During my 18 years as CEO of F-Secure, before I joined the Nokia board of directors, I honed my ideas about what I call “entrepreneurial leadership”: what it means to be an entrepreneurial leader and how to bring out those qualities in everyone, whether they’re in charge of a company of many or a company of one.
How Entrepreneurial Leadership Led Nokia’s Comeback
At Nokia, the precepts of entrepreneurial leadership served as our compass through chaos. They helped us respond rationally when it would have been easy to panic, and continues to guide the company today. They kept me and the management team on course as we negotiated the deal with Microsoft that saved the company, guided a badly beaten-down organization as we came up with a new vision for the future, built a strategy to implement the vision, chose the right organization structure to drive the execution of the strategy, picked the best CEO and management team to lead the organization, and defined the balance sheet we wanted to achieve.
At the same time, those precepts enabled us to stay flexible enough to adapt to constant change when the conventional way of doing things would have sunk us. Entrepreneurial leadership means assessing the resources available to you and using them in the best possible way to improve your company’s performance and competitiveness. That’s why even though I stepped in to serve as CEO for eight months during our massive reorganization—and could probably have continued in that position—I recognized that I was not the best CEO for the company we were becoming and willingly stepped away again. Our present CEO is much better than I would have been.
Lessons I’ve Learned Through Entrepreneurial Leadership
Entrepreneurial leadership is also about learning—about viewing every challenge, every problem, every piece of bad news as an opportunity to learn and improve. I learned a lot. I learned to see through the sparkle of a hugely successful global corporation to spot the signs of trouble that could bring it down.Being paranoid enough to always plan for the worst-case scenario actually enables you to be optimistic about opportunities.
I learned that especially in complex circumstances, trust both greases the gears and is the glue that holds everything together. I learned that accountability, like trust, must be constantly reinforced. And I learned that once you have constructed a solid foundation based on these lessons of entrepreneurial leadership, you can become brave enough to dream big—maybe even bigger than you ever imagined. And I learned the pragmatic skills and tactics to implement these lessons.

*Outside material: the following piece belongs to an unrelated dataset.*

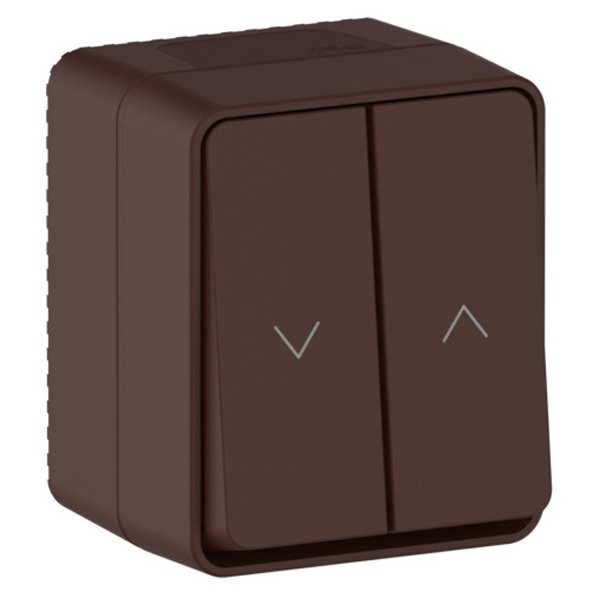Влагозащищенный двухклавишный кнопочный выключатель накладного исполнения коричневого цвета для управления жалюзи, АтласДизайн Profi54. ATN546019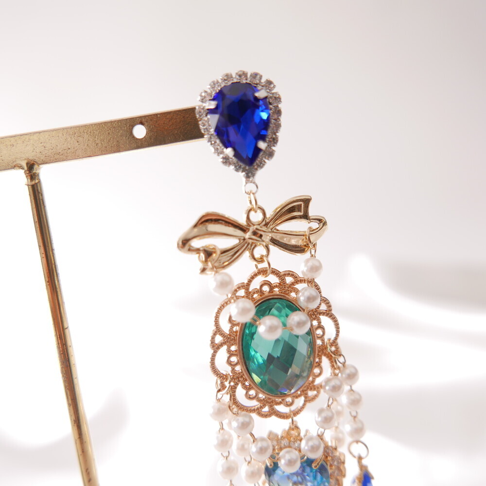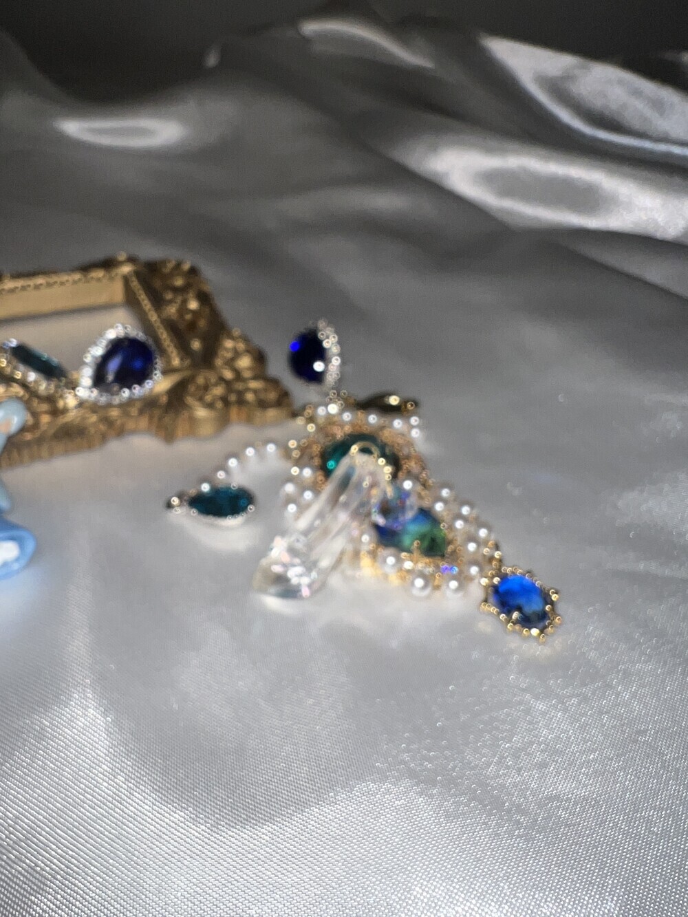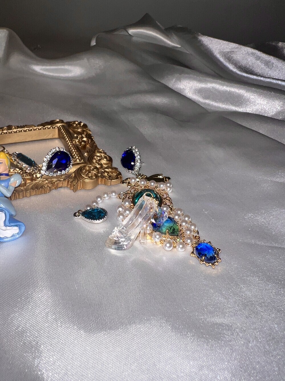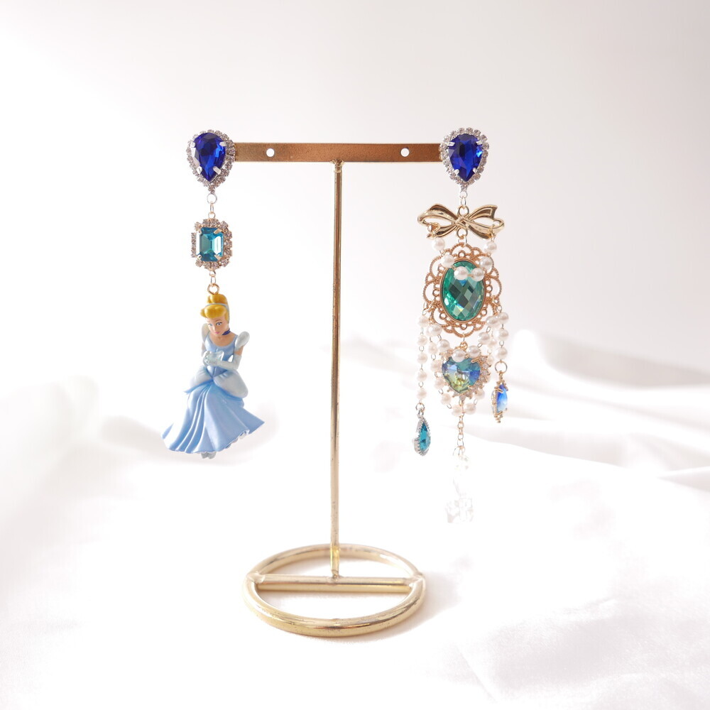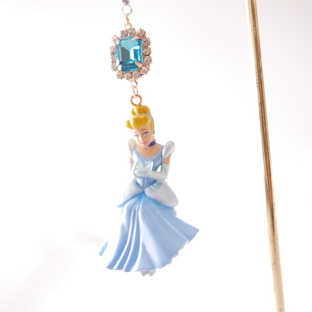 A dazzling pair that tells the tale of Cinderella just before midnight. This unique design features a detailed vintage toy of Cinderella holding her iconic glass slipper, surrounded by sparkling blue gemstones and pearl chains. Every detail is delicately painted from her gown to the tiniest glass shoe. Crafted from a rare, unopened collectible figure, these earrings are full of charm and elegance.

I also learned about luck. We were hugely lucky and should always remember that. This was the only period in my life as a business leader where we undertook a sequence of big decisions and three massive transactions—including the sale of Nokia’s core mobile phone business to Microsoft, the purchase of complete ownership of NSN, and the acquisition of Alcatel-Lucent—and, even with the benefit of hindsight, I would not change any of those decisions in any meaningful way. It is rare to be able to say that, and I’m sure it won’t happen again.

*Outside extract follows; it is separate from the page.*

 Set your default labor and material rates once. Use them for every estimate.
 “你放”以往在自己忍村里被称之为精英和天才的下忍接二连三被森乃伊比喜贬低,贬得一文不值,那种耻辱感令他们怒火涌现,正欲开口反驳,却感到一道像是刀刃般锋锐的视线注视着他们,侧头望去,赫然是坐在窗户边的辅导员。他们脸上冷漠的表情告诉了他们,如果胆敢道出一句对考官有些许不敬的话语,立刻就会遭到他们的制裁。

That’s why I am even more paranoid than before. The more paranoid we are, the harder we will continue to labor to shift the probability curve in our favor and the more optimistic we can afford to be.

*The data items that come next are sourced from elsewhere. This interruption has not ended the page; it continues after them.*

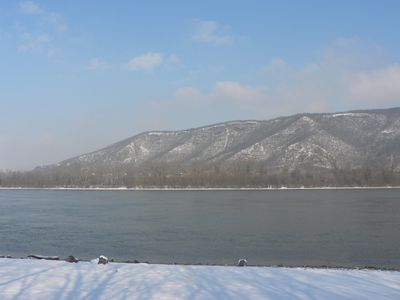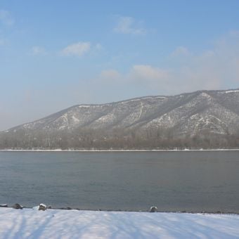 The Burda mountains stretch along the Danube River, forming natural borders with steep slopes and forested areas covering the landscape.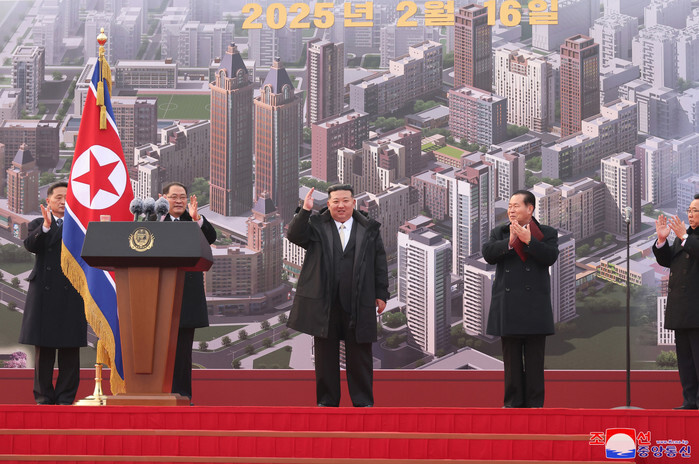 North Korean leader Kim Jong-un (C) attends a groundbreaking ceremony for building 10,000 flats in Pyongyang's Hwasong area on Feb. 16, 2025, in this photo released by the North's Korean Central News Agency. (For Use Only in the Republic of Korea. No Redistribution) (Yonhap)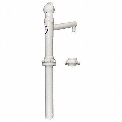 Hand Operated Drum Pump Action Type Piston Pump Body Material Polypropylene Wetted Materials Polyethylene Polypropylene Seal Material Polyethylene Gasket Material NA Discharge Tubing Material Polypropylene and Polyethylene For Use On 15 and 30 gal Drums Maximum Head 6 ft Max Temp 207 Degrees F Ounces per Stroke 15 oz Max Viscosity 8 000 cps Inlet Size 1-5/8 in Outlet Size 13/16 in HB Discharge Tube Outlet OD Size 1 in Discharge Tube Length 6-3/8 in

Not every organization may face a situation as complex and life-threatening as the one that confronted Nokia but I can guarantee that every company will encounter plenty of challenges that are complicated and unpredictable. Whether you’re managing a team or a corporate division, leading a small firm or a multinational corporation, heading up a start-up company or steering a solo practice, and whether your business is on the rocks or running smoothly, the lessons I’ll share will help you sharpen your foresight, expand your options, reinvent—if necessary—yourself and your organization, and enable you to thrive no matter what changes tomorrow brings.